» Exercise: Copy out exactly the stretch of the listing below that begins at the line containing "Vintercirkuma och träd" and ends at the line containing "A lakás 66,98", and copy nothing outside it.

» Records provided:
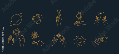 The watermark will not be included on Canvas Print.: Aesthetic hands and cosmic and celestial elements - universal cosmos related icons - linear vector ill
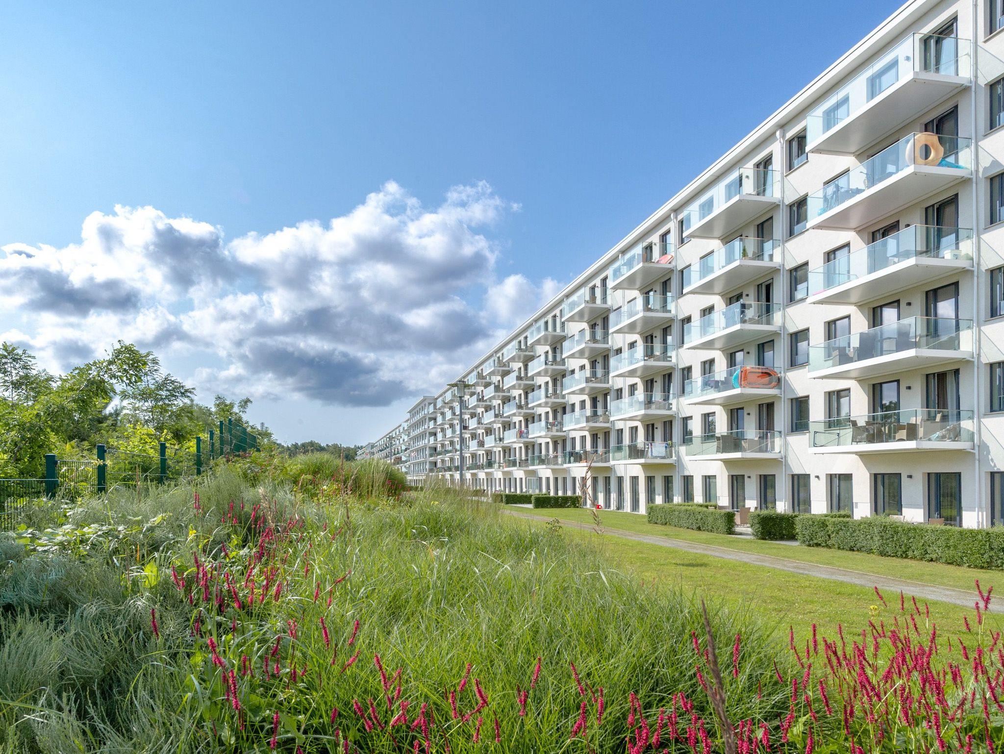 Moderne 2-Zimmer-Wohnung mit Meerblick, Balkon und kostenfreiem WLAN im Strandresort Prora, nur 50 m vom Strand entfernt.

...

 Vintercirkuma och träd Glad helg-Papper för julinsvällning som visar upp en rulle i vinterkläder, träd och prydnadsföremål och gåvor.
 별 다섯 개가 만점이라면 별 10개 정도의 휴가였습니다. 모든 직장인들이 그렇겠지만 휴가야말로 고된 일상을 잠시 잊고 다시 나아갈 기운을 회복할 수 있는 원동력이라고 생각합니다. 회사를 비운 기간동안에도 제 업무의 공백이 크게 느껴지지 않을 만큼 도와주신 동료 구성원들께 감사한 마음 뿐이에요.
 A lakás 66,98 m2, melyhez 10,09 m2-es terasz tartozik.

---

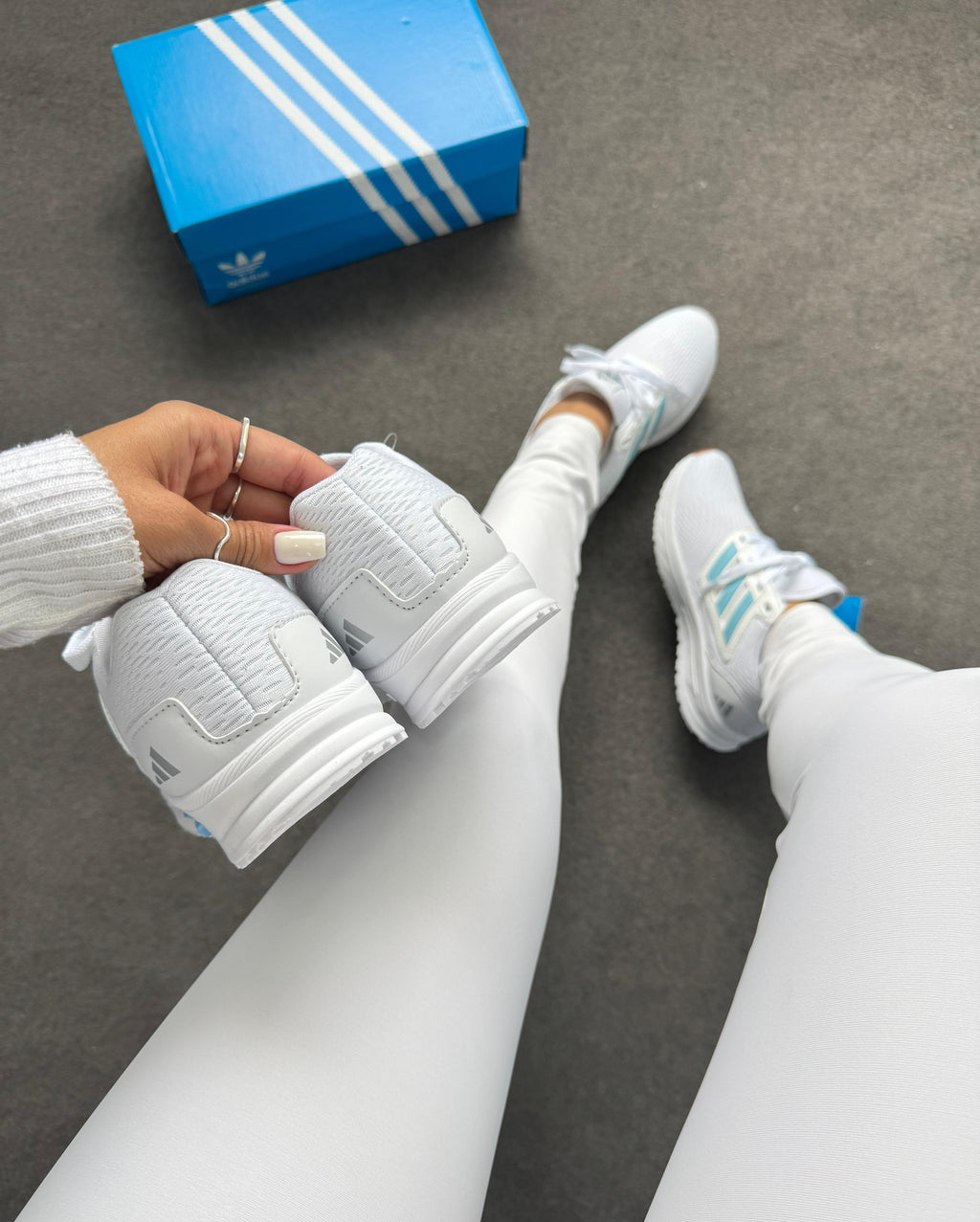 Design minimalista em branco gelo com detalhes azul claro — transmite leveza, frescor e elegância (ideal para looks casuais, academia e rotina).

» Expected answer:
 Vintercirkuma och träd Glad helg-Papper för julinsvällning som visar upp en rulle i vinterkläder, träd och prydnadsföremål och gåvor.
 별 다섯 개가 만점이라면 별 10개 정도의 휴가였습니다. 모든 직장인들이 그렇겠지만 휴가야말로 고된 일상을 잠시 잊고 다시 나아갈 기운을 회복할 수 있는 원동력이라고 생각합니다. 회사를 비운 기간동안에도 제 업무의 공백이 크게 느껴지지 않을 만큼 도와주신 동료 구성원들께 감사한 마음 뿐이에요.
 A lakás 66,98 m2, melyhez 10,09 m2-es terasz tartozik.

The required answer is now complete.